Starting from the line with "Выкладываем на противень, предварительно" and going up to and including the line with "- The item is", copy the listing below exactly. Leave all images out.

→ **Given information**:
+===+

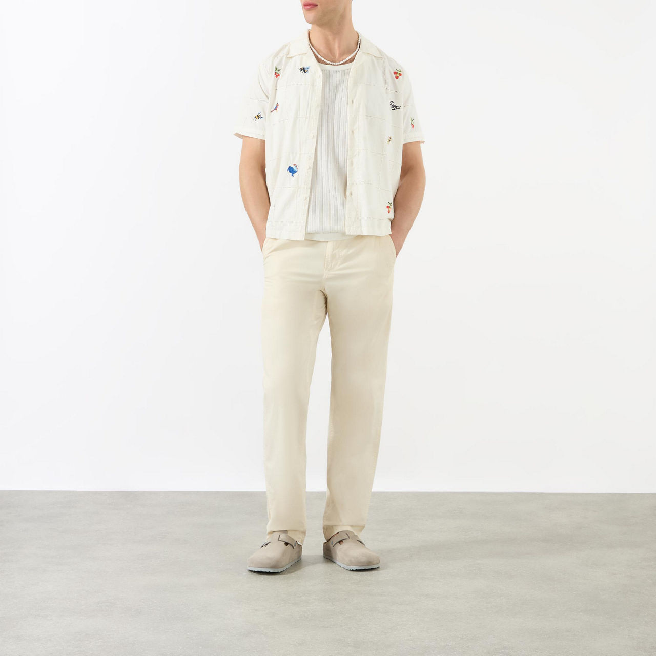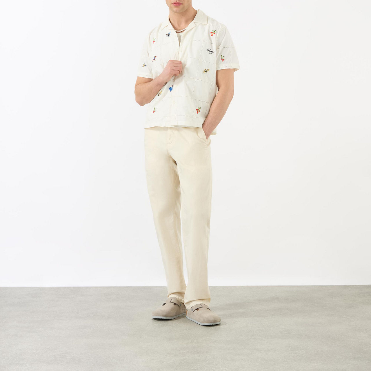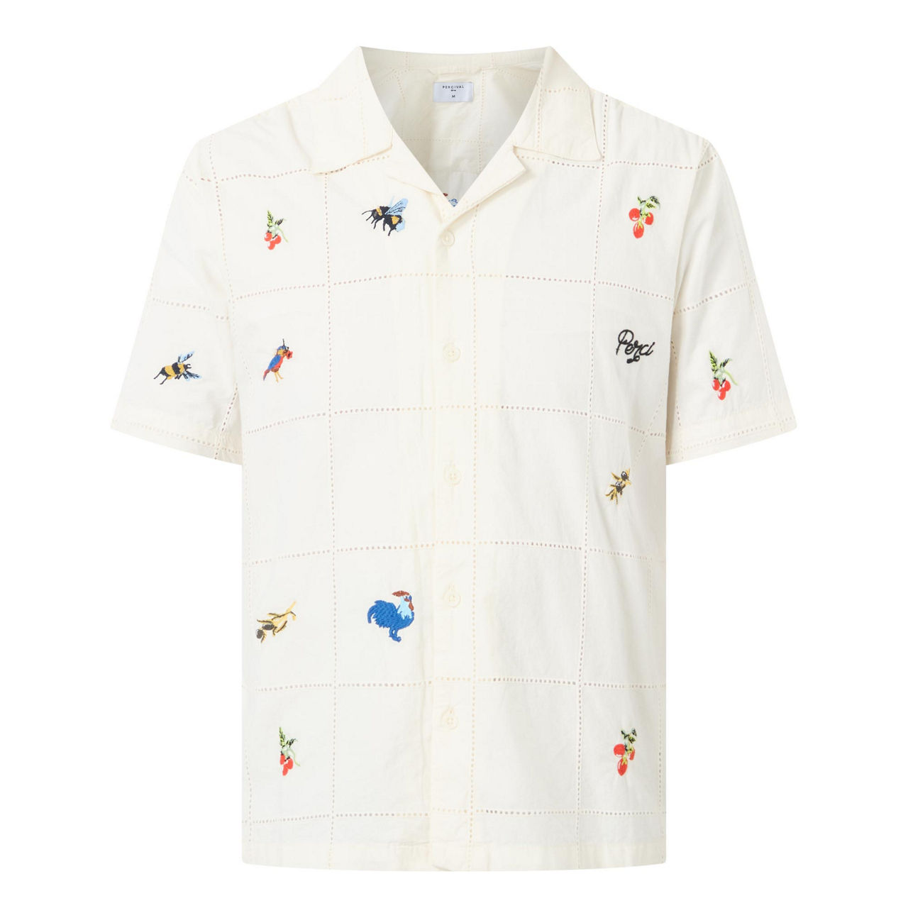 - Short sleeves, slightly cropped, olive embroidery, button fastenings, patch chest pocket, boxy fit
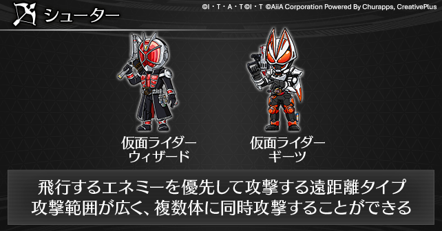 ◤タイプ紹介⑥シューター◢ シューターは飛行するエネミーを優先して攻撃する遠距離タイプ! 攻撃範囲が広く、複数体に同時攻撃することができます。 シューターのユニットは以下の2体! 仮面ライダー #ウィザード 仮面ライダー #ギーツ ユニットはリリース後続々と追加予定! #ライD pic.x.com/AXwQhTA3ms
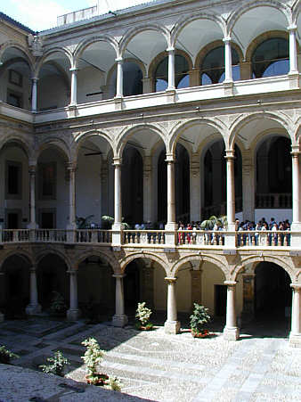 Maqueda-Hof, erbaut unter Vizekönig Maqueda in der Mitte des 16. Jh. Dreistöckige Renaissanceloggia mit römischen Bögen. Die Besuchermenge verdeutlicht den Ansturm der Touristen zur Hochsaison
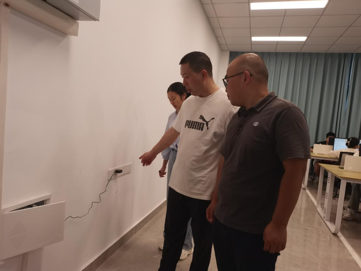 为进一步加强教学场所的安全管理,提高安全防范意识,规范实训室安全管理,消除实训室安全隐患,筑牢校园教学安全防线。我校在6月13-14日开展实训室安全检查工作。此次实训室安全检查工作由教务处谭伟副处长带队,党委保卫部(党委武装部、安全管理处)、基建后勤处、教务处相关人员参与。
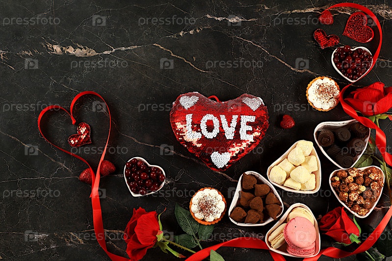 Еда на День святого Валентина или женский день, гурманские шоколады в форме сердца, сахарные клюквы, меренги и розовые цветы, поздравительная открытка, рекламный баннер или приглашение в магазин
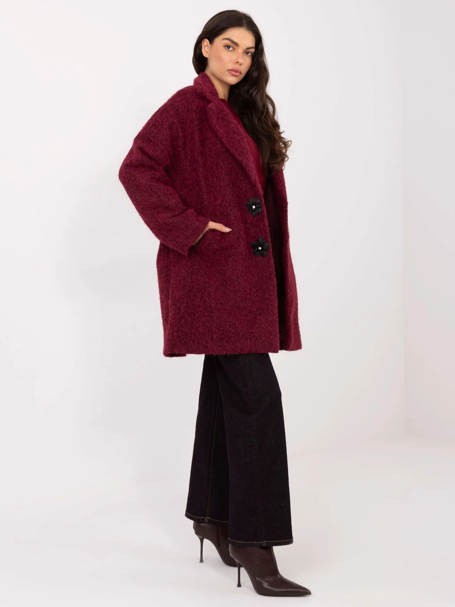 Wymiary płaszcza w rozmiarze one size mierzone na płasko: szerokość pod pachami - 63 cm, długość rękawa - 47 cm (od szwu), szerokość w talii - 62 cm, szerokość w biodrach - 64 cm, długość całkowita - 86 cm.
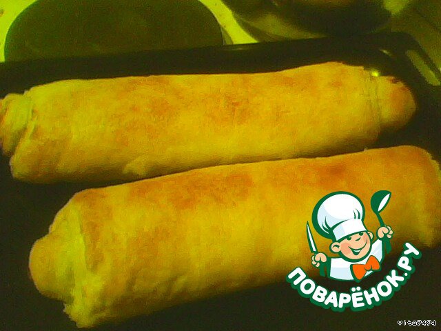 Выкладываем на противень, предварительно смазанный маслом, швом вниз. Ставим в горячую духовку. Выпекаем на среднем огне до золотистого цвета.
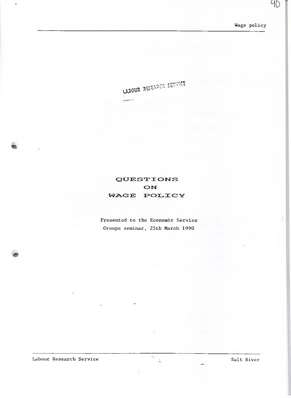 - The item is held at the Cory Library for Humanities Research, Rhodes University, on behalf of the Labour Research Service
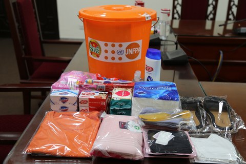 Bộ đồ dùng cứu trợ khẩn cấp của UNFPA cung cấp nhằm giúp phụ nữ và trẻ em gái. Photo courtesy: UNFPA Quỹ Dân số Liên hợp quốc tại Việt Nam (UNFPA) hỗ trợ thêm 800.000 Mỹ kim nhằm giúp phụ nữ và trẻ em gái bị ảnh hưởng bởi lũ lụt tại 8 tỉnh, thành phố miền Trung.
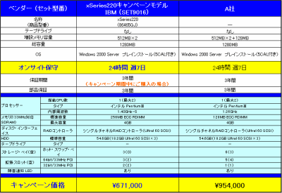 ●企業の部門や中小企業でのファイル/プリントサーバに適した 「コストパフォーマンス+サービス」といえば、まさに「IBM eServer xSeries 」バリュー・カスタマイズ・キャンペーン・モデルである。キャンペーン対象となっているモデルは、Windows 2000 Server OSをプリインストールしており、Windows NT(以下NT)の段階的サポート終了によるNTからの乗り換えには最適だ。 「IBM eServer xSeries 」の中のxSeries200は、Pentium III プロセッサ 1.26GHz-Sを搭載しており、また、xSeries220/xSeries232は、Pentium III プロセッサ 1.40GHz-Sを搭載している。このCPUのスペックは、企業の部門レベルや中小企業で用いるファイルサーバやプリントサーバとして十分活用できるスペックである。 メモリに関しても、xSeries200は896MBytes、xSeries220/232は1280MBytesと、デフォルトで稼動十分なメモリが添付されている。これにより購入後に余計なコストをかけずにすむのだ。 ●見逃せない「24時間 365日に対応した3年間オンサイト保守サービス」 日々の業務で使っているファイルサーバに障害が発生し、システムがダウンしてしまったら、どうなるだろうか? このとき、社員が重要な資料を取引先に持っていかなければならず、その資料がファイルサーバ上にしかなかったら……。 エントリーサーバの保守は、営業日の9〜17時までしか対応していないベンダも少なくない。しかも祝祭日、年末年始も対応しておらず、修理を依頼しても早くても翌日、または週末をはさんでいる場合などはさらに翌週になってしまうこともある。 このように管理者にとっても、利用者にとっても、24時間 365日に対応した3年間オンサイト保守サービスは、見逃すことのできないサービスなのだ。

+===+

→ **Exercise answer**:
 Выкладываем на противень, предварительно смазанный маслом, швом вниз. Ставим в горячую духовку. Выпекаем на среднем огне до золотистого цвета.
 - The item is held at the Cory Library for Humanities Research, Rhodes University, on behalf of the Labour Research Service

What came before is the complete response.